ACTIVITY ->
Using the records below, output the stretch that opens with the line containing "兩支樽紮不出三角形怎辦?就在中間打結,減少碰撞空間。" and closes with the line containing "A jar of air", exactly and including both lines, with nothing more.

EXCERPTED RECORDS ->

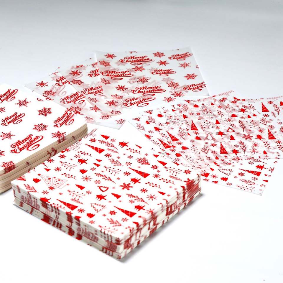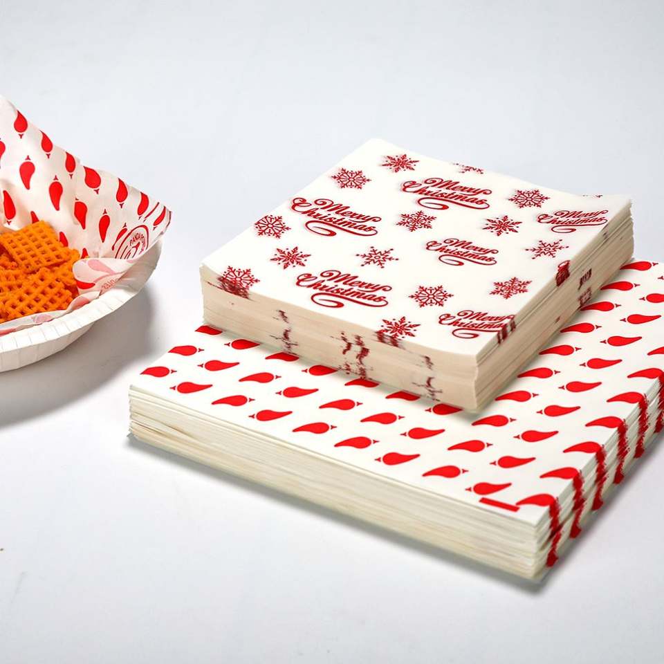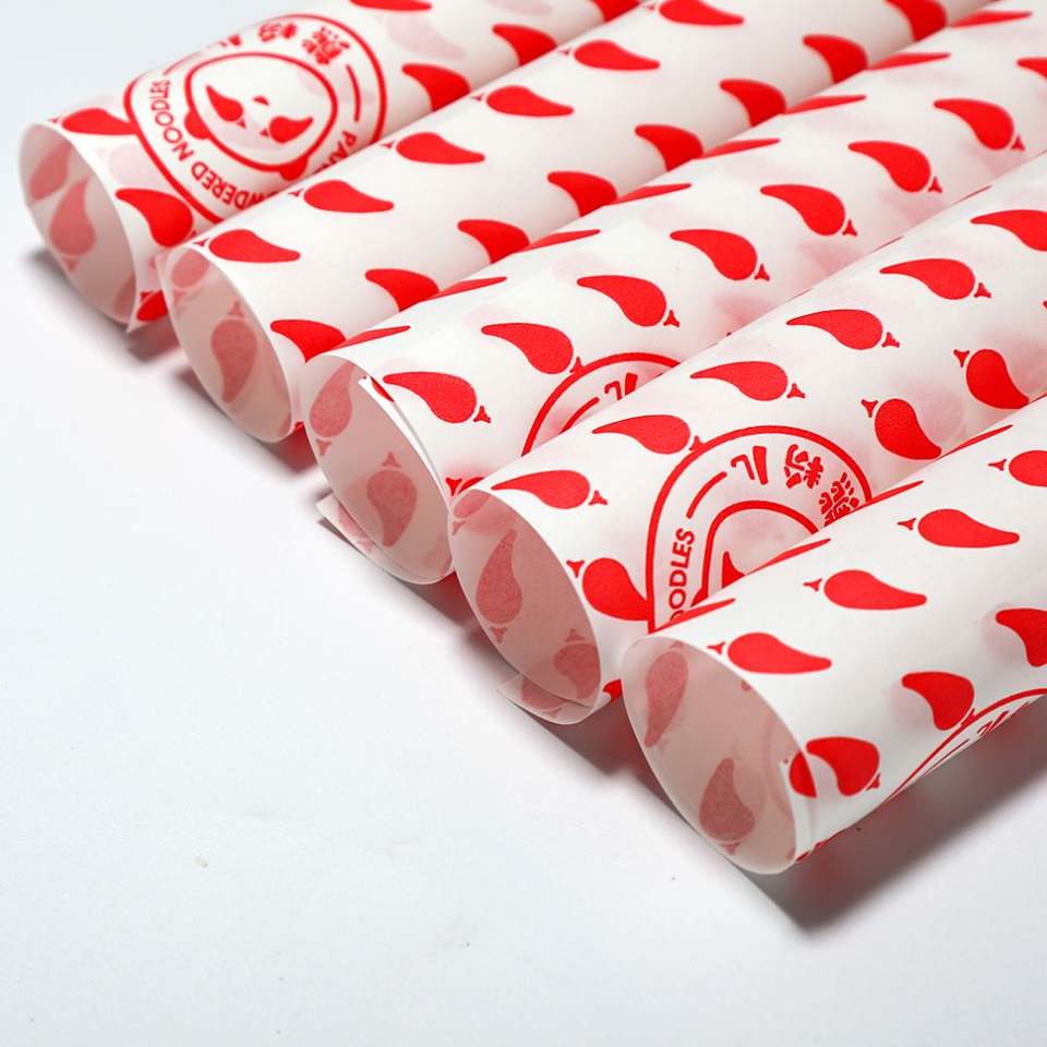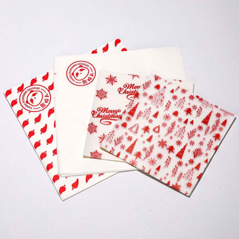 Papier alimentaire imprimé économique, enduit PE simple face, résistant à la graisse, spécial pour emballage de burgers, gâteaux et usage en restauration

* * *

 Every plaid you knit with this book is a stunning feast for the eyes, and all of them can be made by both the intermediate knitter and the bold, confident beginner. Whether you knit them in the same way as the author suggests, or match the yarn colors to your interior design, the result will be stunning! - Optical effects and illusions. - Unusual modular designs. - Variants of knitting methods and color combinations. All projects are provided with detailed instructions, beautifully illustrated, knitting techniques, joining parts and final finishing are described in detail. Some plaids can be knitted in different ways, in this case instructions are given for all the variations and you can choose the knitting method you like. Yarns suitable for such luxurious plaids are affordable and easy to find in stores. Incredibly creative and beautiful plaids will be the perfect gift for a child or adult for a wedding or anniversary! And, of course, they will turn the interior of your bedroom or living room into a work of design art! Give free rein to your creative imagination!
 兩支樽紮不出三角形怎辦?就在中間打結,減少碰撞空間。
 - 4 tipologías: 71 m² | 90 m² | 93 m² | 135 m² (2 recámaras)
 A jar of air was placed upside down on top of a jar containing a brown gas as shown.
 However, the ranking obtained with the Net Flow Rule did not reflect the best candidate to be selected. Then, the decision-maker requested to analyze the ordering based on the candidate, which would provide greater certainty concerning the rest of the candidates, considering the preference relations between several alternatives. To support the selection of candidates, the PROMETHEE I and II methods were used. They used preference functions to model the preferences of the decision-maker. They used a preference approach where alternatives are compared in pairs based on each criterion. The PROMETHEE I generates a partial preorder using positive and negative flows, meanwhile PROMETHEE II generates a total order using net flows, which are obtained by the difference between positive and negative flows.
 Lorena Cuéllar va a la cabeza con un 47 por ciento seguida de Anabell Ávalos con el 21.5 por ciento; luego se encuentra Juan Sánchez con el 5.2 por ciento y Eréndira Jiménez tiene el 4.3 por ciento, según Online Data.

* * *

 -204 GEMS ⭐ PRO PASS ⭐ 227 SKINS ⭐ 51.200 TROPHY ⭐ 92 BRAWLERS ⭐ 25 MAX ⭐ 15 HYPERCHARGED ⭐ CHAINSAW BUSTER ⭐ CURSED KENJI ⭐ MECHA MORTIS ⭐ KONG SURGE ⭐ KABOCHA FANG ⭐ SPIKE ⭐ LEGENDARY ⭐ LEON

REPLY TO THE EXERCISE ->
 兩支樽紮不出三角形怎辦?就在中間打結,減少碰撞空間。
 - 4 tipologías: 71 m² | 90 m² | 93 m² | 135 m² (2 recámaras)
 A jar of air was placed upside down on top of a jar containing a brown gas as shown.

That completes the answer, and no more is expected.